Buencamino, Sr., G.R. No. L-20395, May 13, 1985, 136 SCRA 365; Pring v. Court of
Appeals, G.R. No. L-41605, August 19, 1985, 138 SCRA 185)
Assuming authenticity of his signature and the genuineness of the document, Dalion
nonetheless still impugns the validity of the sale on the ground that the same is
embodied in a private document, and did not thus convey title or right to the lot in
question since "acts and contracts which have for their object the creation,
transmission, modification or extinction of real rights over immovable property must
appear in a public instrument" (Art. 1358, par 1, NCC).
This argument is misplaced. The provision of Art. 1358 on the necessity of a public
document is only for convenience, not for validity or enforceability. It is not a
requirement for the validity of a contract of sale of a parcel of land that this be
embodied in a public instrument.
A contract of sale is a consensual contract, which means that the sale is perfected
by mere consent. No particular form is required for its validity. Upon perfection of
the contract, the parties may reciprocally demand performance (Art. 1475, NCC),
i.e., the vendee may compel transfer of ownership of the object of the sale, and the
vendor may require the vendee to pay the thing sold (Art. 1458, NCC).
The trial court thus rightly and legally ordered Dalion to deliver to Sabesaje the
parcel of land and to execute corresponding formal deed of conveyance in a public
document. Under Art. 1498, NCC, when the sale is made through a public
instrument, the execution thereof is equivalent to the delivery of the thing. Delivery
may either be actual (real) or constructive. Thus delivery of a parcel of land may be
done by placing the vendee in control and possession of the land (real) or by
embodying the sale in a public instrument (constructive).
As regards petitioners' contention that the proper action should have been one for
specific performance, We believe that the suit for recovery of ownership is proper.
As earlier stated, Art. 1475 of the Civil Code gives the parties to a perfected
contract of sale the right to reciprocally demand performance, and to observe a
particular form, if warranted, (Art. 1357). The trial court, aptly observed that
Sabesaje's complaint sufficiently alleged a cause of action to compel Dalion to
execute a formal deed of sale, and the suit for recovery of ownership, which is
premised on the binding effect and validity inter partes of the contract of sale,
merely seeks consummation of said contract.

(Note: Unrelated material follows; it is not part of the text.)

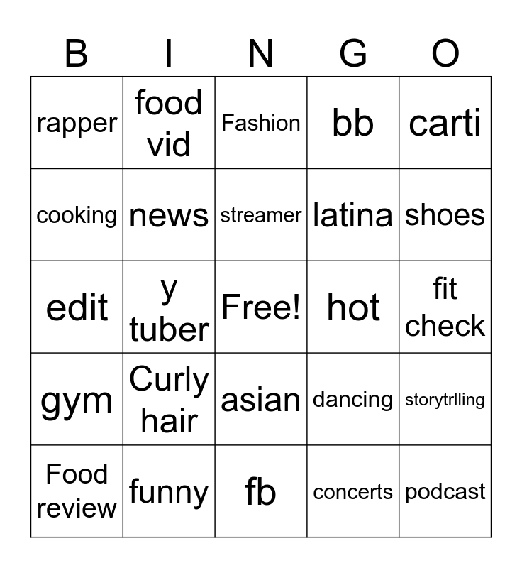 This bingo card has a free space and 24 words: Curly hair, funny, streamer, Food review, carti, rapper, cooking, food vid, hot, asian, latina, edit, dancing, storytrlling, news, concerts, fit check, Fashion, shoes, y tuber, podcast, gym, bb and fb.

... . A sale of a real property may be in a private instrument but that contract is valid
and binding between the parties upon its perfection. And a party may compel the
other party to execute a public instrument embodying their contract affecting real
rights once the contract appearing in a private instrument hag been perfected (See
Art. 1357).

... . (p. 12, Decision, p. 272, Records)


ACCORDINGLY, the petition is DENIED and the decision of the Court of Appeals
upholding the ruling of the trial court is hereby AFFIRMED. No costs.
SO ORDERED.
Narvasa, Cruz, Gancayco and Grino-Aquino, JJ., concur.